Мисс Пейдж – Дорри для своих близких друзей (и, между прочим, дочь мистера Г. Пейджа, издателя нашего высокочтимого соперника – «Северного света») – сообщила в разговоре с нашим репортером много интересного. И она, и ее мать – благодарим вас, миссис Пейдж, – постоянные и верные читатели «Хроники», которая, по их общему мнению, наконец-то принесла в Хедлстон и вообще в здешние края дыхание молодости. Дорри, представительница младшего поколения, учится в художественной школе и не отстает от других в танцах, она любит хорошие фильмы, пластинки Джеки Диббса и – еще раз приносим извинения – «Хронику». Как и многим, многим другим, ей не по вкусу тихая застойная жизнь, ей надоела та унылая патриархальщина, которая столько лет душила все новое и передовое в нашем городе. «В конце концов, – улыбнулась Дорри, – мы живем в атомном веке, а не в каменном, мы не хотим ползти по-черепашьи, как в добрые старые дни дилижансов. Я – за рок-н-ролл! И считаю, что „Хроника“ нам очень полезна». Хорошо сказано, Дорри! И мы особенно ценим ваши слова, потому что их произнесла дочь Генри Пейджа. Наверное, наши читатели согласятся, что это – поистине высокая хвала.

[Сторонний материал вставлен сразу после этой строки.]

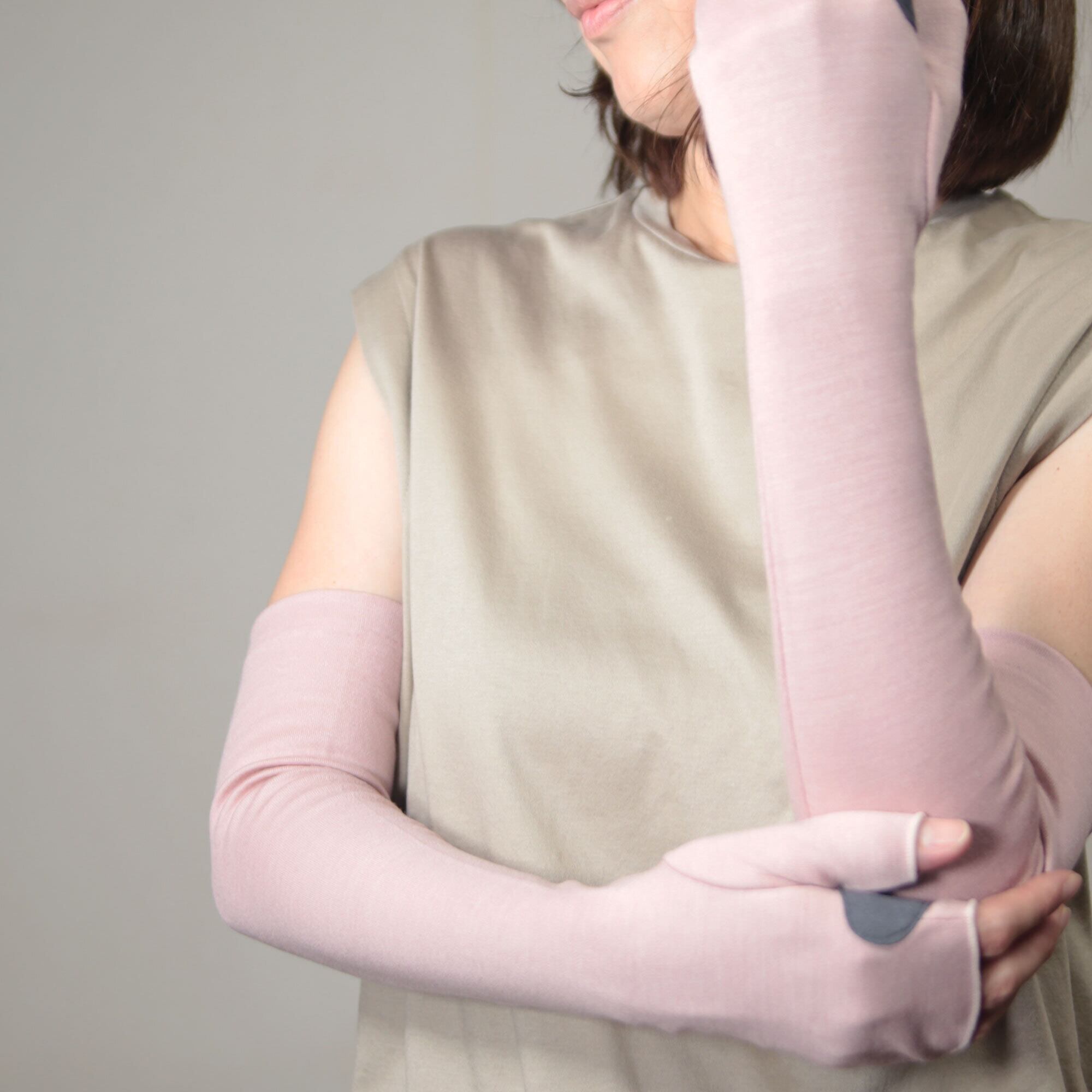 【シルクウール・アームカバー・ミテーヌセミロング】 ピンク/上質で高級感のある天然繊維・シルクウールを使用したUVケア・アームカバー

Когда Генри пришел на утреннее совещание, в комнате царило уныние. Мейтленд, не поднимая головы, бросил на него исподлобья быстрый взгляд. Пул, теребя усы, внимательно рассматривал потолок, а Хедли, казалось, изо всех сил старался показать, что его здесь нет совсем. Только Балмер сидел прямо, и на его лице было написано сознание собственной правоты. Пейдж почувствовал благодарность к Мейтленду, когда тот нарушил общее неловкое молчание:
– Очень неудачно получилось, Генри, ничего не скажешь, но слезами делу не поможешь. Они ловко обработали бедную Дороти.
– Она сама во многом виновата.
– Конечно, но не могла же она догадаться, что все это означает.

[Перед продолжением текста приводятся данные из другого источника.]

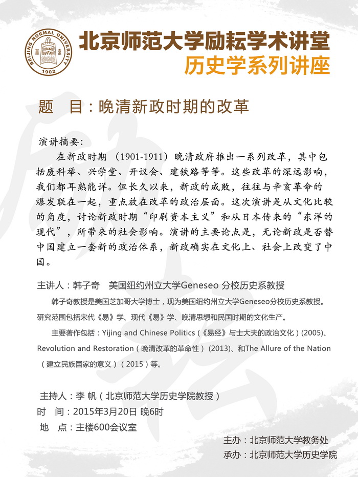 【励耘讲堂】韩子奇:晚清新政时期的改革

– По крайней мере, они не облили нас грязью и ограничились намеком, что мы сильно устарели.
– Я бы сказал, что любая ругань была бы лучше, – угрюмо проворчал Балмер.

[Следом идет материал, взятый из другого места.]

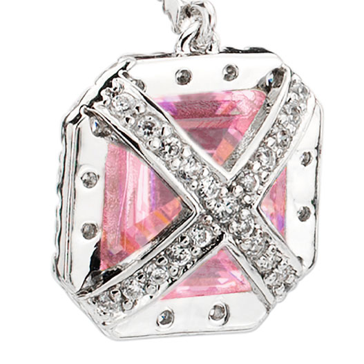 The magnificent asscher cut fancy light pink center stones are suspended in a brilliant border of clear cubic zirconia of the finest grade. This expert center stone cutting, designed by Bling by Wilkening, features angled corners and precision faceting on the asscher cut to ensure the captivating light pink hue prismatically dances in the light. This specific hue of fancy light pink is very rare in cubic zirconia, and mirrors the light refractivity of the most finely faceted light pink diamond.
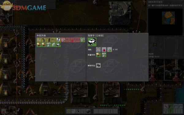 现在要研发“驾驶学”,需要一步步来解锁科技,按T键打开科研界面,先选择研发“物流学1”,依次解锁“驾驶学”所需要的前置科技。

– Это штучки Ная, – сказал Пул. – Он у них заправляет всей лавочкой. Я на днях видел, как он играл на бильярде в «Красном льве». Ловкий тип.
– Придется просто посмеяться над случившимся, – заметил Мейтленд.
– Как же мы можем над собой смеяться, если игнорируем их! – разъярился Пул. – Подумать только, пока я парился в Северной Африке, этот франт прохлаждался в Нью-Йорке, якобы трудясь для информационной службы! Так бы и проломил ему башку!
– Чего бы лучше! – улыбнулся Мейтленд. – Кто еще поддерживает это предложение?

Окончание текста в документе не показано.